Dialogue following an incident was also described by some participants as having therapeutic and restorative potential. “I usually say there are always three sides to a story. You have your own experience, then you have the other’s experience and then you have the truth” (F10, second interview). By reflecting on a situation and allowing for both sides’ accounts of it, staff and tenants could potentially achieve closure and move on together.
In this view, participants valued being perceived as genuine in their care for tenants by promoting interpersonal knowledge and a forthcoming atmosphere, thusly aiding prevention of staff-directed aggression.
“You should kind of play on their side. Not that ‘play’ implies that you’re at all fake. But show that you care. That you really want the best for them. You don’t want them to suffer. ‘I’m here if you need anything’, kind of. ‘I understand that you’re hurting right now’. Because you get a different kind of knowledge and get to know them in another way. And I think the service users here see that. I think they see far more than we think they do. If you genuinely care, that’s very important for cooperation between you and the tenants.” (F1, second interview).
Participants suggested that if staff was being perceived as humble, open about own failings and having the ability to ask forgiveness if they in some way had treated a client wrongly or misunderstood a client, then tenants would show a more tolerant and equitable attitude toward them. Participants conceived this as promoting trusting relations between tenants and staff, enabling staff to communicate hope, promote change and persevere in providing care and support to help tenants move on in their lives.

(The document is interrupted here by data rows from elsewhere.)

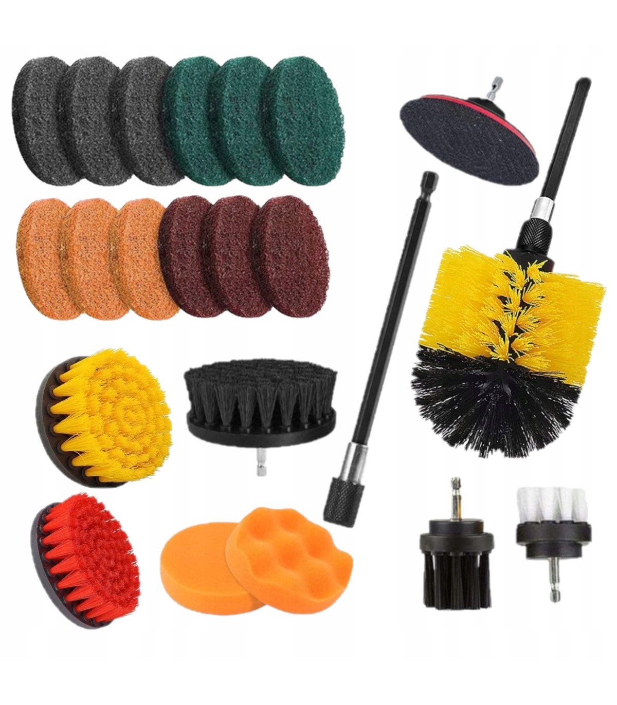 ✅ Zestaw szczotek i padów do czyszczenia to kompletny zestaw, który sprawi, że czyszczenie stanie się łatwe, skuteczne i przyjemne. W skład tego zestawu wchodzi:
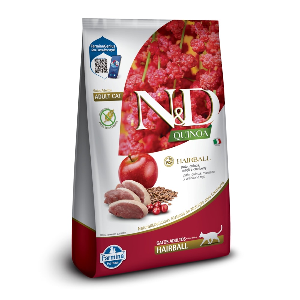 Ração Seca Farmina N&D Quinoa Hairball para Gatos Adultos de Todas as Raças Sabor Pato, Quinoa, Maçã e Cranberry 1,5Kg
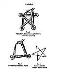 Paphals are believed to possess supernatural powers. They frequently incorporate mystic symbols, Meitei alphabets, and sacred hymns within and around the figure. In the past, Paphal drawings were placed above the main entrance of homes to ward off evil spirits.[2][6]
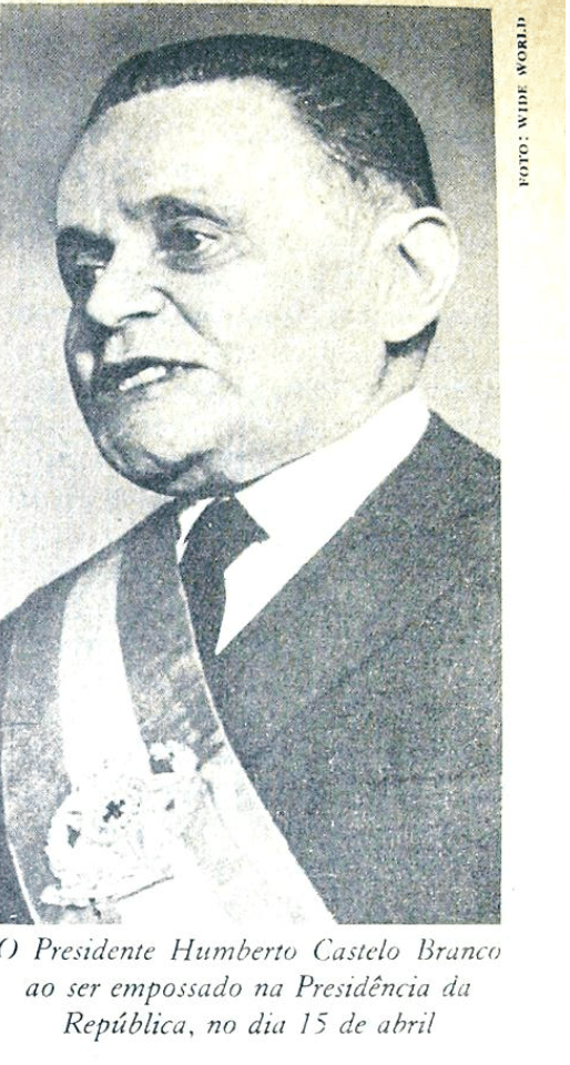 Perfeitamente dentro do período de 30 dias previsto pela Constituição, o Congresso do Brasil elegeu Presidente o General Castelo Branco até ao término dos dois anos que restavam do Governo Goulart. [*] Em vívido contraste com os demagogos baratos que o precederam, Castelo Branco é universalmente reconhecido como honesto, isento da temeridade tão marcante de muitos governantes latino-americanos, e pro- [Continua na página seguinte]
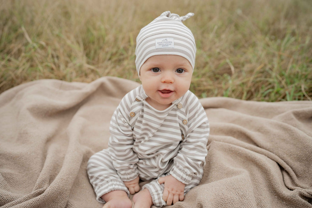 A soft and stylish essential for newborns, our knotted hat in Stone Stripe is designed to keep little heads and ears warm. Made from a breathable, stretchy cotton blend, it offers a snug fit and features an adjustable top knot to grow with your baby. The subtle stone-coloured stripe adds a classic, unisex touch — perfect for gifting or everyday wear.
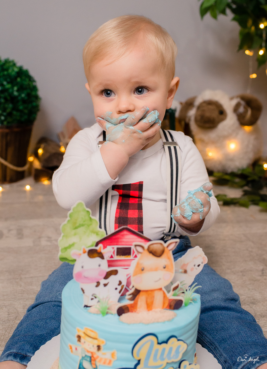 O Luis Fabrício sempre foi uma criança segura. Não foi surpresa que ele tenha devorado o bolo e aproveitado muito o banho. Muitos sorrisos e olhar curioso.

Conceptual changes identified in the data
When asked about their perceptions of the impact from attending the education and training sessions in the second interview, several participants mentioned increased awareness and reflection on the topic of staff-directed aggression in the workplace, both personally and collectively. Others were more negative toward the notion of change, often because of ostensibly vast differences in opinions on appropriate practice, inattention and even age-related inflexibility toward staff-directed aggression among colleagues. However, as can be seen in Table 2, only four participants eventually made statements in the second interview salient enough to be considered as advanced conceptions. The advancement in ways of seeing occurred as a one-step movement between the fifth category and the sixth. Interestingly enough, by the time of the second interview, two participants voiced previously unmentioned aspects of the phenomenon in line with the first conception. This implied they actually had experienced a downward movement in the hierarchical outcome space. One of these participants additionally experienced an upward development in her way of seeing, reaching the sixth conception by the second interview.
Table 2 Expressed conceptions identified prior to and following the education and training As previously mentioned, the first and second interviews differed substantially in both length and content.